Authors: Zheng-Xin Yong, Cristina Menghini, Stephen H. Bach
Abstract: AI safety training and red-teaming of large language models (LLMs) are measures to mitigate the generation of unsafe content. Our work exposes the inherent cross-lingual vulnerability of these safety mechanisms, resulting from the linguistic inequality of safety training data, by successfully circumventing GPT-4's safeguard through translating unsafe English inputs into low-resource languages. On the AdvBenchmark, GPT-4 engages with the unsafe translated inputs and provides actionable items that can get the users towards their harmful goals 79% of the time, which is on par with or even surpassing state-of-the-art jailbreaking attacks. Other high-/mid-resource languages have significantly lower attack success rate, which suggests that the cross-lingual vulnerability mainly applies to low-resource languages. Previously, limited training on low-resource languages primarily affects speakers of those languages, causing technological disparities. However, our work highlights a crucial shift: this deficiency now poses a risk to all LLMs users. Publicly available translation APIs enable anyone to exploit LLMs' safety vulnerabilities. Therefore, our work calls for a more holistic red-teaming efforts to develop robust multilingual safeguards with wide language coverage.

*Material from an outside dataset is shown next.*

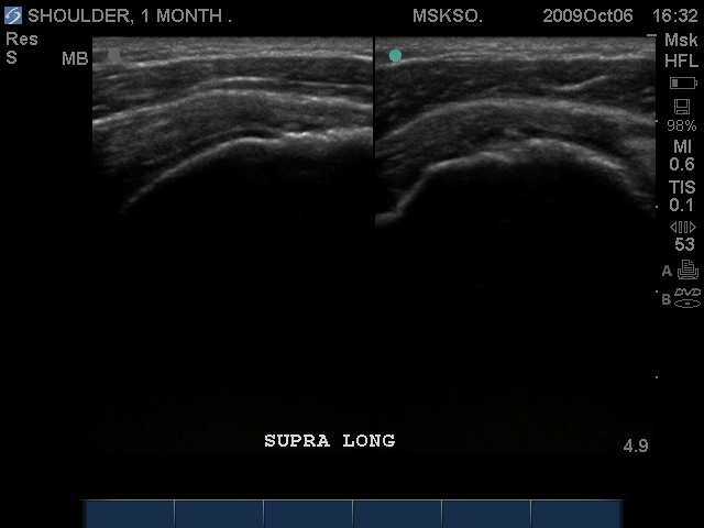 Compression of the tear site may reveal a more normal cuff appearance, in this case, the flattening of the normally convex appearing bursal surface would indicate that there is volume loss at this level.

Ask questions about this paper to our AI assistant
You can also chat with multiple papers at once here.
⚠The license of the paper does not allow us to build upon its content and the AI assistant only knows about the paper metadata rather than the full article.
Assess the quality of the AI-generated content by voting
Score: 0
Why do we need votes?
Votes are used to determine whether we need to re-run our summarizing tools. If the count reaches -10, our tools can be restarted.
Similar papers summarized with our AI tools
Navigate through even more similar papers through a
tree representationLook for similar papers (in beta version)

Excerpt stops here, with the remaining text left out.